Information shown:
= = = = =

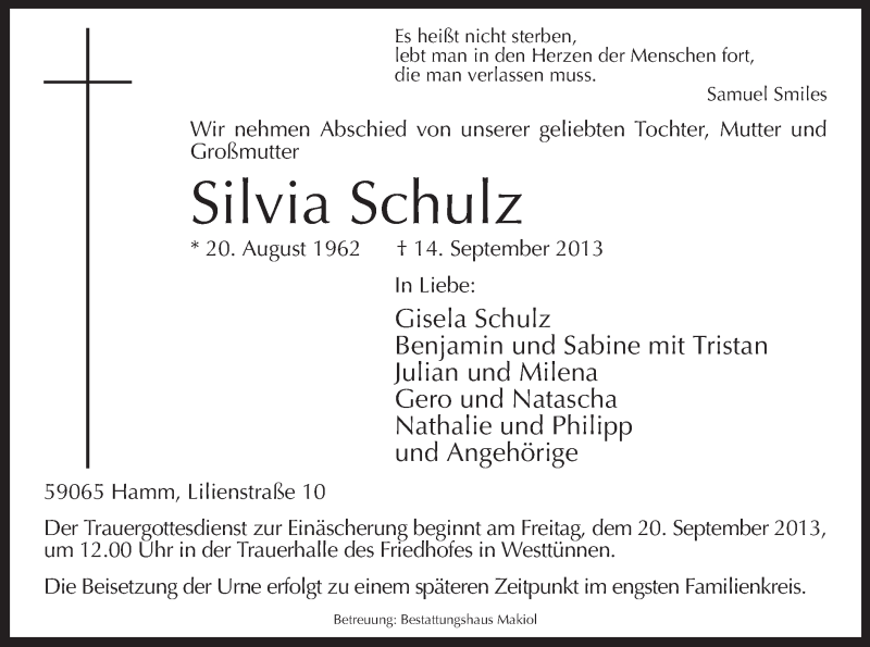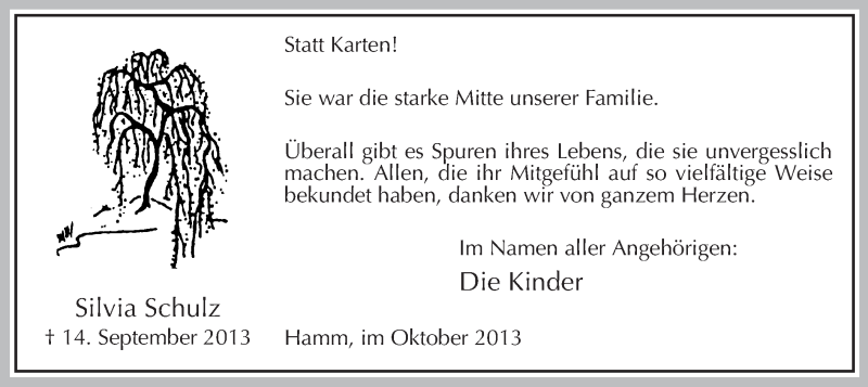 Hier finden Sie alle Traueranzeigen aus der Zeitung, die bisher für Silvia Schulz erschienen sind. Weitere Traueranzeigen, die in der Zeitung erscheinen, werden hier ebenfalls aufgelistet
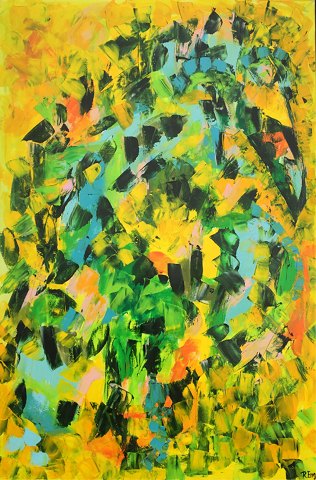 "Modtagelig for forførende fjer" Akryl maleri i sølv svæve ramme.
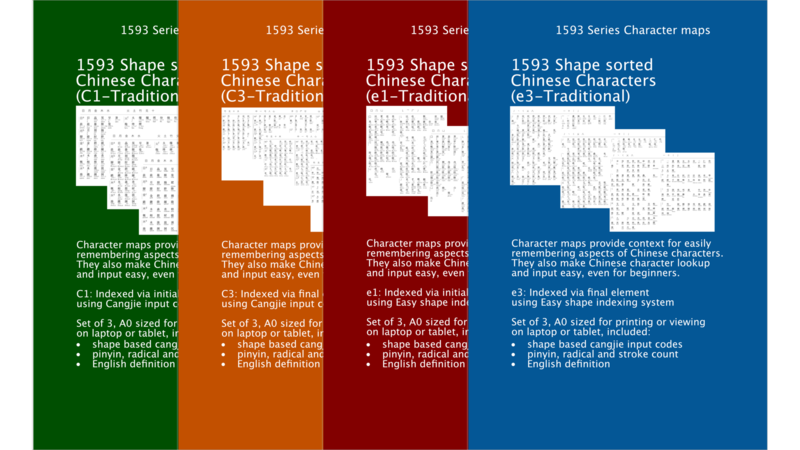 The 1593 series of character maps includes 1593 Traditional Chinese characters. These are all characters that appear in the context of words. So learning them is a little like learning the alphabet. Plus these 1593 characters are all fitted onto a single a0 (reduceable and printable on a1 size) page. However, there are three pages. Each includes different details.
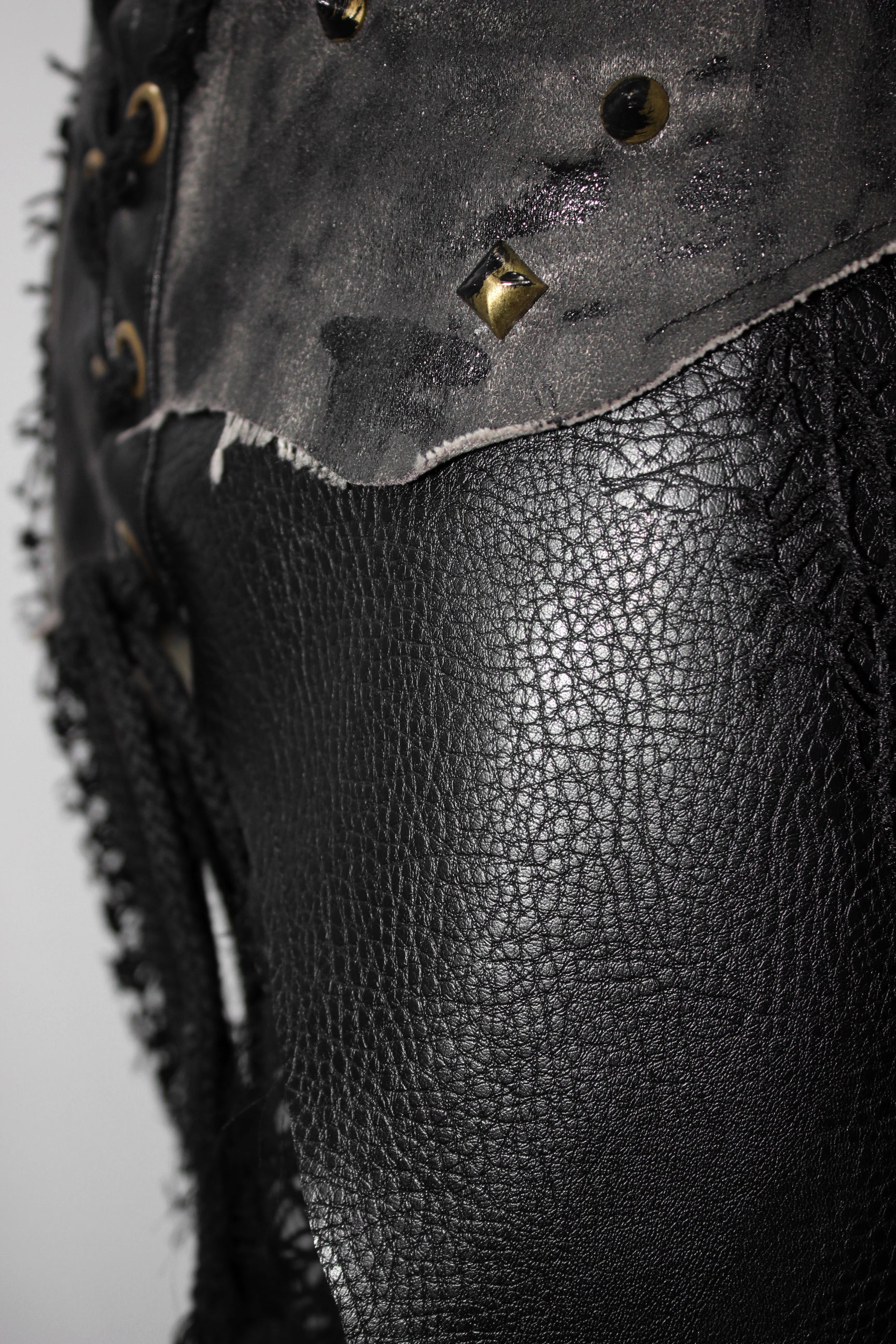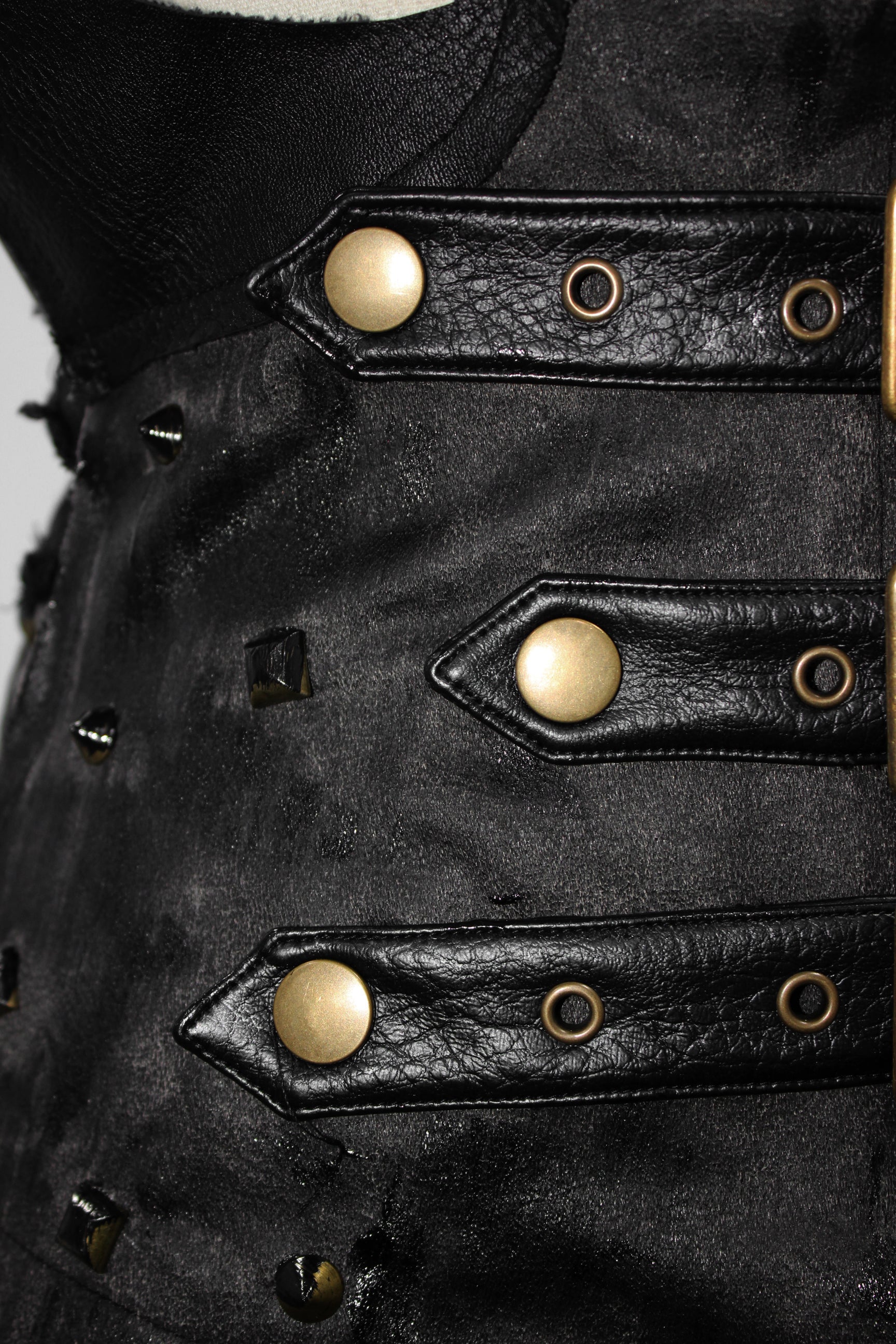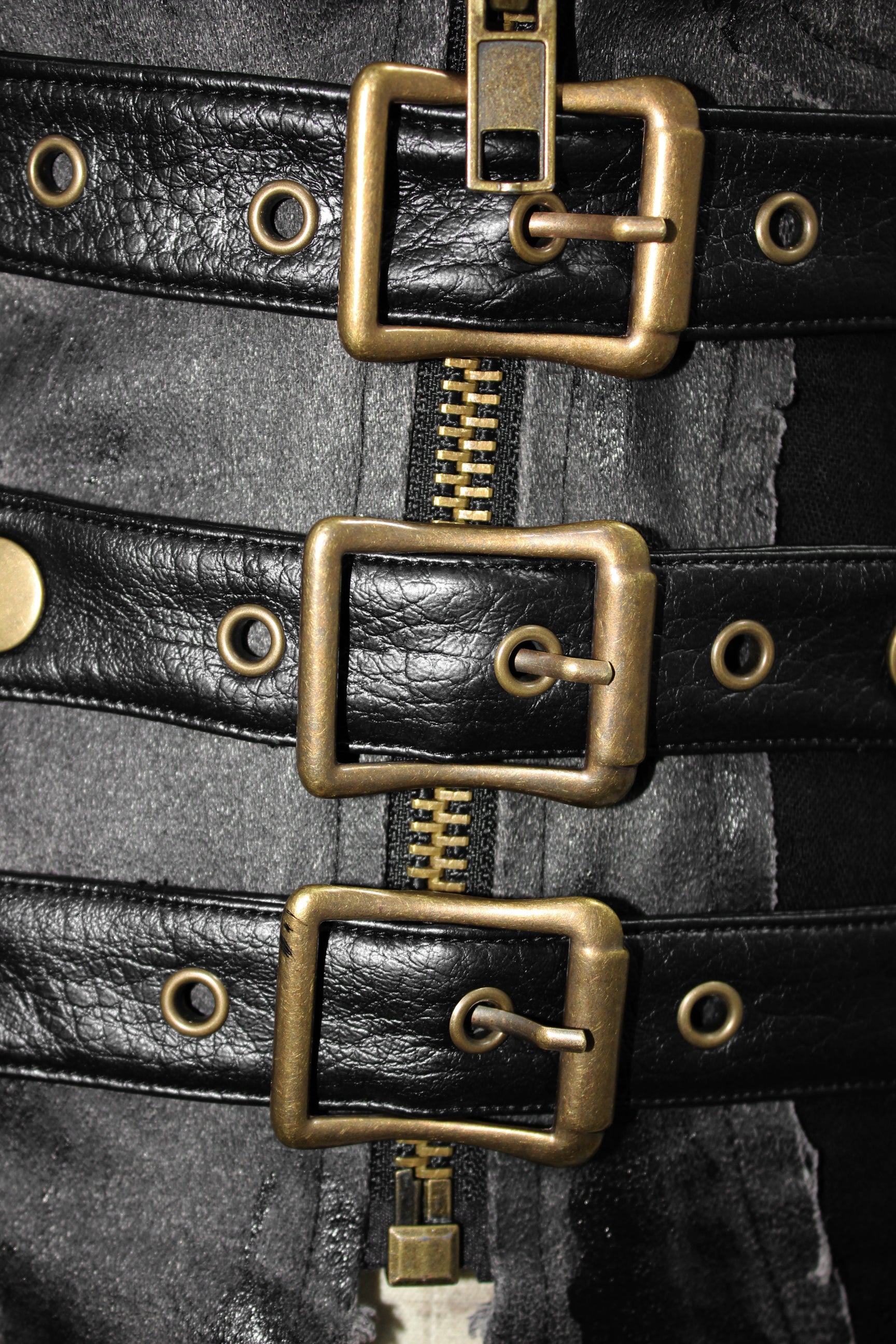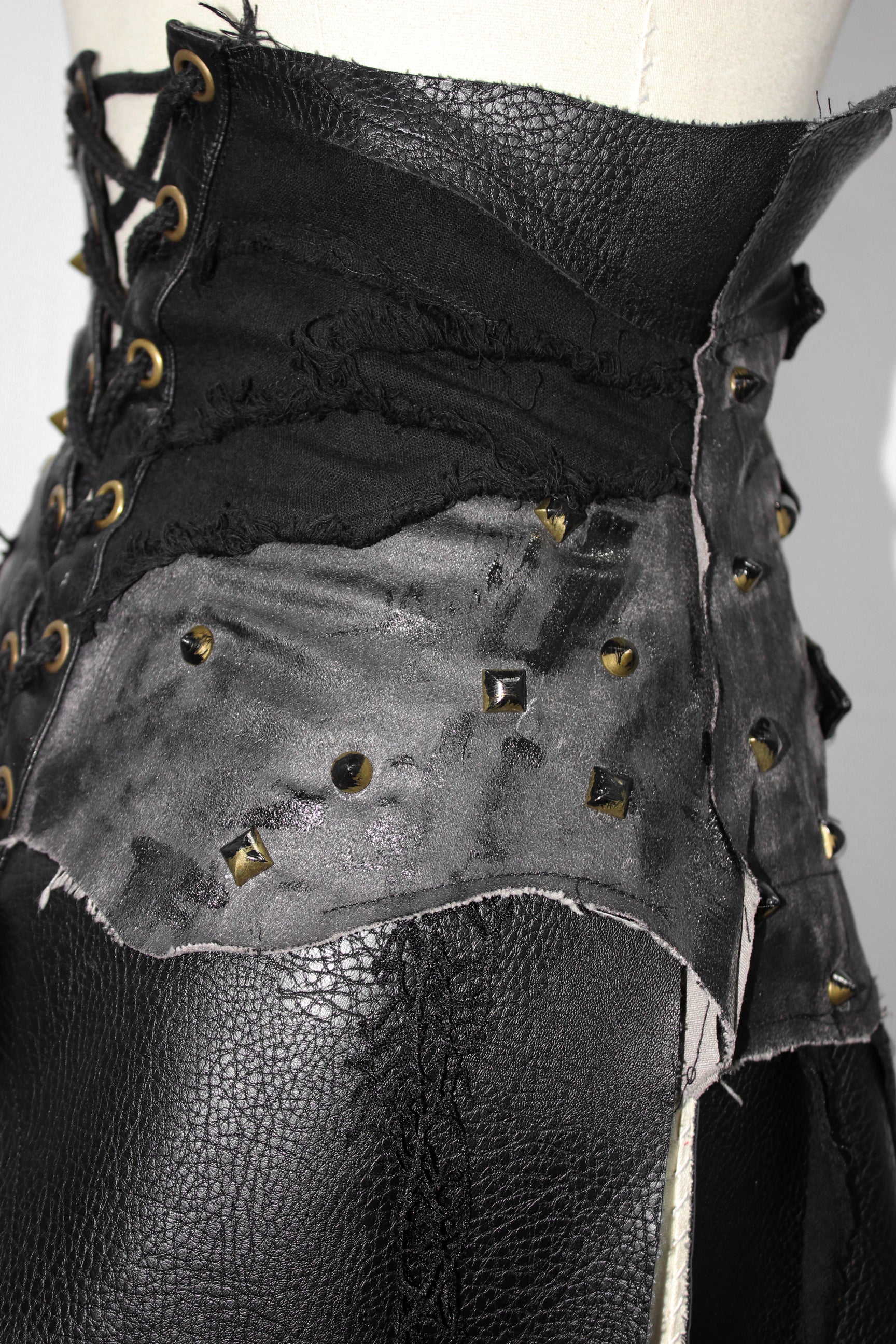 Wasteland Empress Corset Belt shapes the waist with triple buckle closure and distressed faux leather panels, finished with shredded lace drapes for a fierce, post-apocalyptic layered look.

= = = = =

What to produce: Copy out every line of the material above precisely, omitting the pictures.

Answer box:
 Hier finden Sie alle Traueranzeigen aus der Zeitung, die bisher für Silvia Schulz erschienen sind. Weitere Traueranzeigen, die in der Zeitung erscheinen, werden hier ebenfalls aufgelistet
 "Modtagelig for forførende fjer" Akryl maleri i sølv svæve ramme.
 The 1593 series of character maps includes 1593 Traditional Chinese characters. These are all characters that appear in the context of words. So learning them is a little like learning the alphabet. Plus these 1593 characters are all fitted onto a single a0 (reduceable and printable on a1 size) page. However, there are three pages. Each includes different details.
 Wasteland Empress Corset Belt shapes the waist with triple buckle closure and distressed faux leather panels, finished with shredded lace drapes for a fierce, post-apocalyptic layered look.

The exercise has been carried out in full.